O acirramento da disputa política brasileira vem conduzindo a sociedade para uma prática muito danosa que denominamos de "discussão inaudível", uma espécie de "guerra de todos” (os interlocutores) "contra todos" (os interlocutores), algo, portanto, que faz lembrar o estado de natureza em Hobbes[1]. Dentro desse paradigma, nada do que seja falado ou escrito, seja lá por quem, sobre fatos envolvendo eventos ou circunstâncias políticas (p. ex.,a acirrada disputa na eleição presidencial de 2014, a escolha de um ministro ou ministério, a utilização de urnas eletrônicas, uma decisão de política econômica) será ouvido ou levado em consideração pela parte adversa. O início da radicalização do discurso político pode ser identificado na transição do primeiro para o segundo mandato da Presidente da República Dilma Rousseff. Tal fenômeno teve um crescimento paulatino até chegar ao (grave) estágio em que nos encontramos. Suas raízes são político-partidárias e possuem um novo ingrediente, as redes sociais, sendo que seus reflexos, embora muito amplos, ainda não são possíveis quantificar e qualificar.

O discurso e a argumentação inaudíveis são, por óbvio, inócuos, não se prestam a absolutamente nada. É como tentar conter racionalmente uma turba que se prepara para um linchamento. Logo, diante de uma controvérsia política, jurídica ou social relevante é perdido algo central em uma democracia, que é a possibilidade de debater e convencer, por meio de argumentos racionais, sem violência, os interlocutores que pensam de maneira diferente em prol da construção de algo melhor ou na busca de um “meio termo” (consenso). A práxis do desprezo argumentativo é típica dos cenários que envolvem a “paixão” manifesta, por exemplo, nas discussões informais tratando sobre times de futebol, religião, partidos políticos. Nada do que seja dito em um cenário “apaixonado” demoverá os debatedores dos seus respectivos pensamentos iniciais. É adequado entender que a paixão e as emoções estão intrinsicamente ligadas ao jogo político (ideológico) e, consequentemente, à democracia. No entanto, o que passou a ser observado é a manifestação de uma paixão extremada, que supera o diálogo e a lógica, criando dois polos inconciliáveis (amigo-inimigo), onde ouvir e compreender outro se encontra fora da ordem do dia. O que se tem em vista com o debate democrático, portanto, não é a verdade, mas a melhor compreensão do assunto para a consecução de uma sociedade melhor. Nesse sentido, é fundamental que o debate não se esvazie nas emoções cotidianas na medida em que tem uma finalidade prática, qual seja, a de modificação e transformação social.

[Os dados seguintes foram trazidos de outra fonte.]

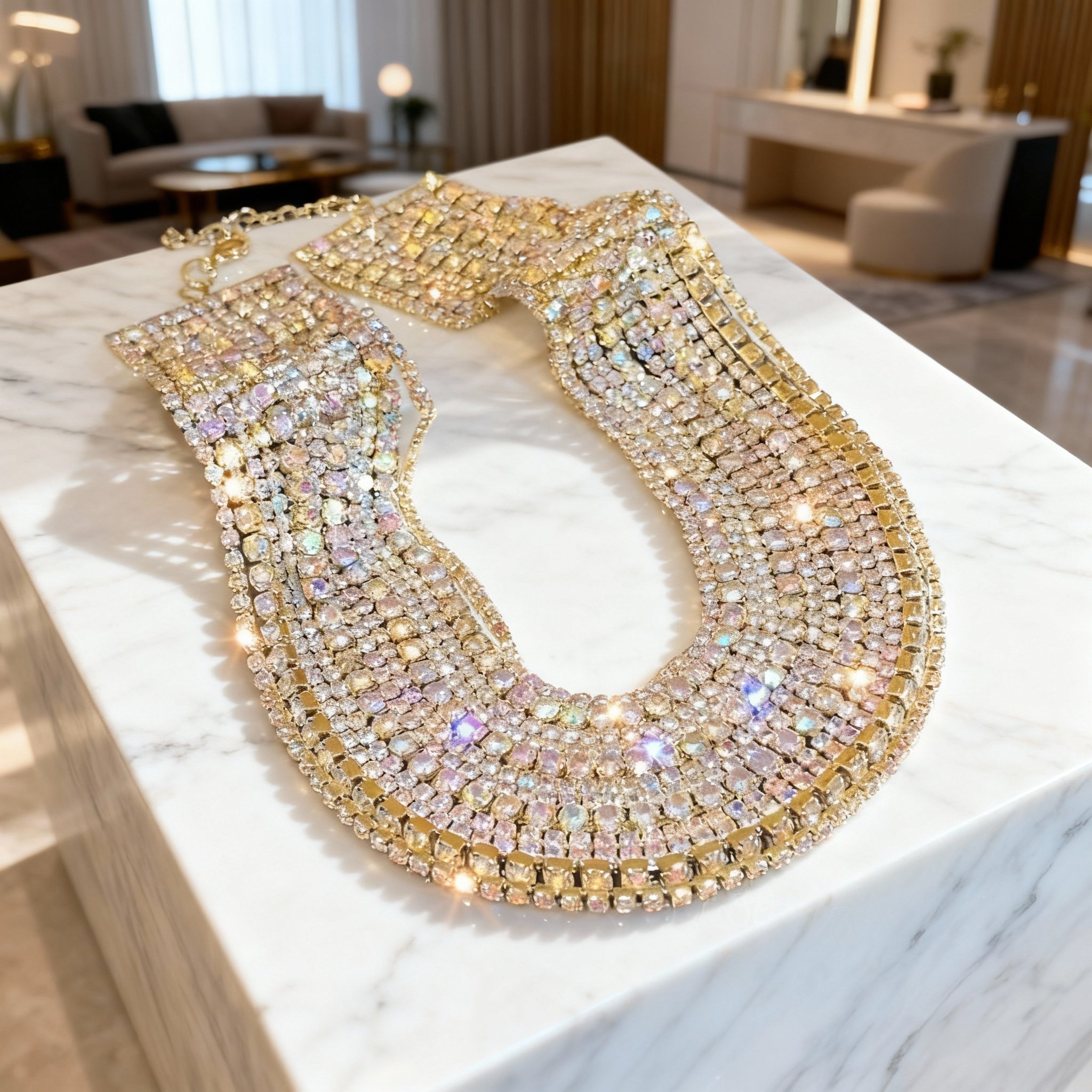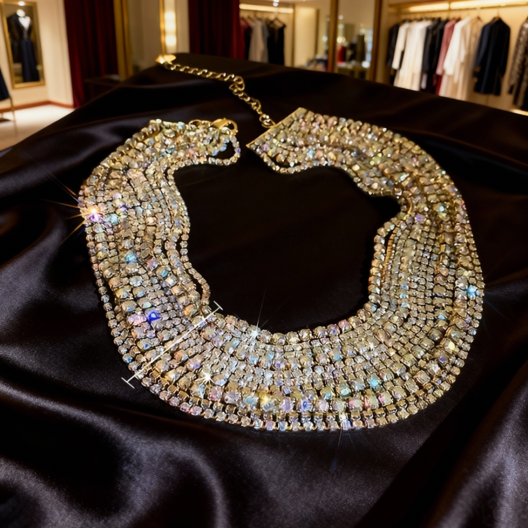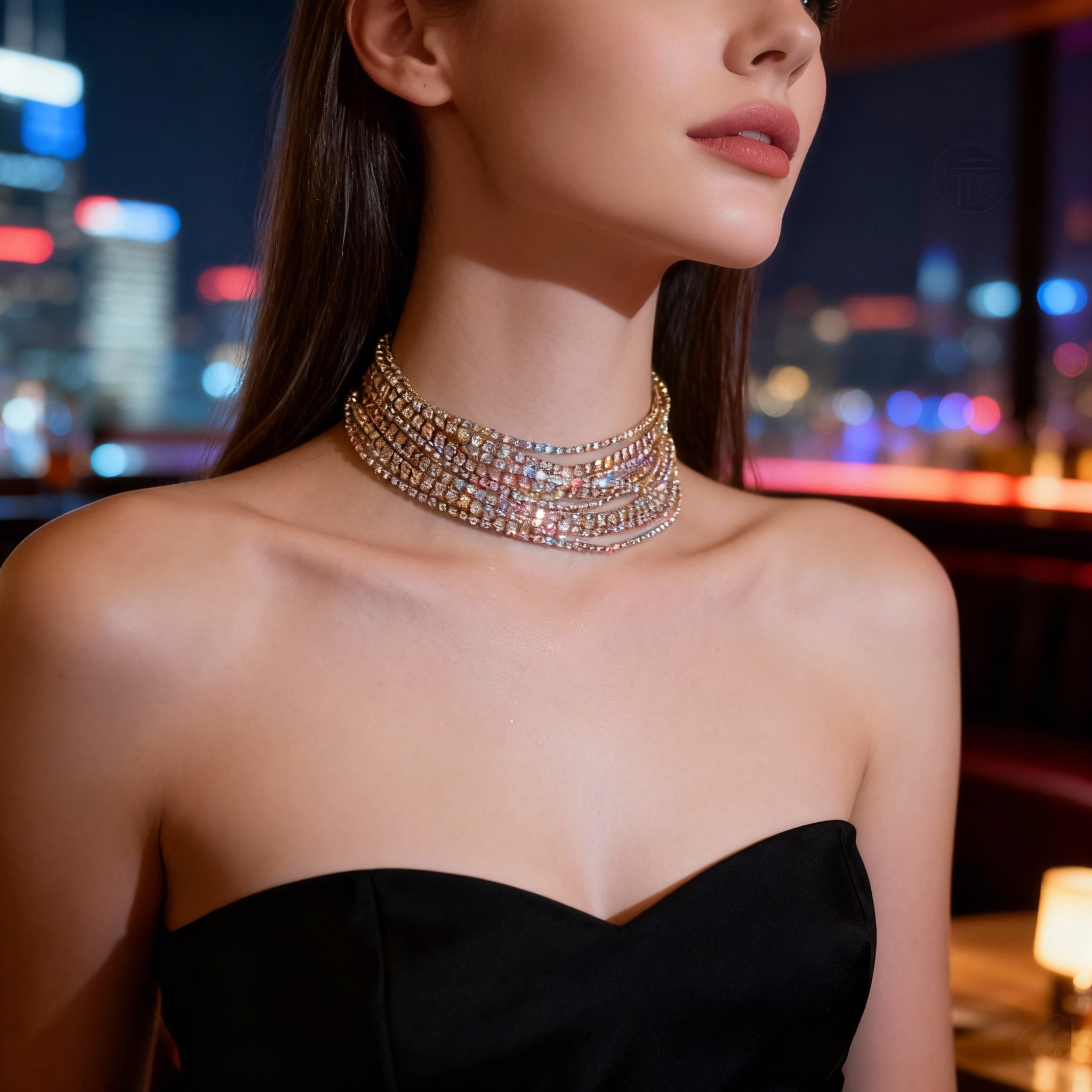 Stylish Multi-Layer Necklace for Women - Bold Geometric Collarbone Chain with Colorful Accents, Perfect for Evening Events and Casual Wear, Unique Layered Jewelry Piece

A partir dessa realidade, é de se observar a construção de um novo tipo de cidadania, uma cidadania eletrônica[2]. De fato, uma vez que há um avanço na tecnologia, o uso sobre esta possui poucos controles, o que apresenta tanto uma dimensão negativa como positiva. No que se refere ao aspecto negativo, temos estes debates repletos de emoções, mas com pouco comprometimento social. Por outro lado, há um aspecto positivo pelo qual não se pode passar despercebido. De fato, a internet e, principalmente as redes sociais, permitem que todo o discurso lá esteja, salvo quando, inesperadamente e injustificadamente, a administração de uma rede social resolve impor o que é “moral” e “bom costume” ao retirar determinadas fotos e publicações sem qualquer notificação ao usuário... Sob este ponto de vista, talvez, a internet seja o espaço mais democrático construído até o momento, não apresentando limitações espaciais ou financeiras (a não ser pelo próprio acesso, em si, da tecnologia). Assim sendo, esta não apresenta limitações de espaços televisionais que precisem ser pagos, e nem se depende de autorizações governamentais para o acesso à espaços públicos, por exemplo.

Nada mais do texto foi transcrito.